Você me deu a mão

Você me deu a mão naquela noite
escura em que lágrimas quentes escorriam por minhas bochechas. Meu coração
adolescente sofria com problemas típicos da idade: amizades mal acabadas,
autoestima na altura dos pés, sonhos impossíveis e alguns dilemas aqui e outros
ali. Tua mão não alcançou apenas o meu lado físico, mas a minha alma também e
foi mais calmante do que um rio de chá de camomila seria.
Aos 16 anos voltei a ter cinco e
aprendi a ser uma garotinha de novo, aquela menina do sorriso livre e coração
aberto que não tinha receio algum de confiar em seu Pai. Pai, foi isso o que o
Senhor me ensinou naquela noite, Seu amor era tão imenso que escolheu ser meu
Pai. Enquanto estava embrulhada no meu edredom de flores, imaginei que Você
estava afagando meus cabelos e sussurrando uma canção de ninar para mim. Quando
acordei na manhã seguinte percebi que um sorriso bobo e apaixonado não saía dos
meus lábios, e enquanto tomava um café quentinho algo em meu coração me lembrou
que seria bom ler a Bíblia naquela manhã.
Voltei para o meu quarto e tirei
a Bíblia rosa do seu lugar privilegiado na estante. Abri aleatoriamente e sorri
quando percebi que estava em I Coríntios 13. O meu capítulo preferido! Aquele
que me fazia suspirar com uma história de amor segundo os planos de Deus. Só
que naquela manhã, enquanto relia sobre o amor, não foi em um rapaz que eu
pensei, foi naquele Pai que me visitara e sacara minhas lágrimas na noite
passada.
Aquele amor que é paciente e
bondoso, que não inveja nem se vangloria, que não se orgulha, não maltrata e nem procura seus próprios
interessantes… Aquele amor é Deus, Ele é o próprio amor! Sem esse amor não
adianta falar as línguas dos homens e dos anjos, não há porque ter dons e ser
conhecedor de todas as coisas, sem amor somos N-A-D-A! O que nos faz ser é o
A-M-O-R e este amor é D-E-U-S.

Você me deu a mão e me conduziu
por um caminho em que a base era o amor, enquanto eu confiasse nele e
depositasse minha fé, barreiras por maiores que fossem surgiriam a minha
frente, mas seriam destruídas por sua mão poderosa. O seu amor me fez
compreender que a arte tem grande valor para o artista e que ele não está
disposto a abandonar sua obra.   
Havia uma mão segurando a minha, mesmo que eu não sentisse uma mão na minha de verdade, mesmo que só parecesse uma grande metáfora… E com o passar dos dias constatei aquela verdade, porque mesmo não estando fisicamente ali, sua presença era sentida no meu coração, fosse em dias de flores ou de vendavais. 
Alguns anos depois continuo sentindo o meu Pai aqui, ele me guia por uma longa estrada, em alguns pontos encontramos desertos e climas áridos, outras vezes passamos um tempo em jardins floridos ou montanhas que me permitem admirar a lua e as estrelas. E o mais legal de tudo é que aquele amor que é vida, que é fôlego continua batendo aqui dentro e me levando por caminhos que jamais ousei sonhar. 
“Assim, permanecem agora estes três: a fé, a esperança e o amor. O mais deles, porém, é o amor.”
– I Co. 13:13.

***

Este texto faz parte do Projeto Literário 16 on 16, onde 16 blogueiros, todo dia 16 produzem um texto sobre um tema selecionado. O tema deste mês foi: “E quando chega a noite…” Confira os textos dos demais participantes!

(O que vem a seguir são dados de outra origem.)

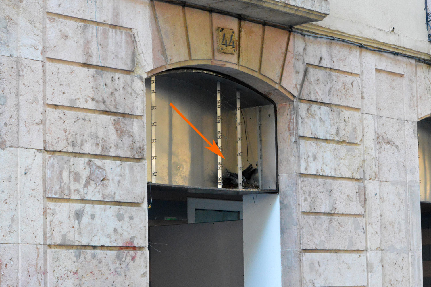 Un aspecto interesante es que las palomas que forman esa colonia son especiales. Están muy acostumbradas a la presencia de personas hasta el extremo de situar sus nidos cerca del suelo. En la imagen número 1 se puede ver un nido a unos dos metros del suelo. Y en la imagen número 7, otro nido está situado en el cajón del letrero de una tienda en remodelación. Y ambos nidos fueron fotografiados el 7 de enero pasado.

7 comentários sobre “Você me deu a mão”

  1. Olá.
    Eu estou procurando alguém com espírito de liderança, para criar um projeto, onde uni os escritores de ficção cristã. Vejo que estão espalhados e escondidos, enquanto muitos leitores anseiam por livros.
    Pode contar com a minha ajuda, caso faça.

    1. Olá! Que convite maravilhoso *-*
      Escrever é uma paixão, mas não vejo razão se não for pra Jesus! Adoraria participar de um projeto sim, pode me contar mais detalhes da sua ideia?

    2. O projeto não é meu, mas sim a ideia.
      A ideia era que uma pessoa que tivesse um meio de comunicação, como twitter, site, blog, fizesse um projeto para unir os escritores cristãos. Há muitos evangélicos por ai, querendo ler e também muitos tentando ser lidos.
      Você podia fazer essa união;

  2. Que texto maravilhoso ♥ Apesar de não ser muito religiosa, sempre tenho essa sensação de ter sido pega pela mão e conduzida pelos caminhos da vida. É tão bom saber que temos com que contar, para quem dar uma prece.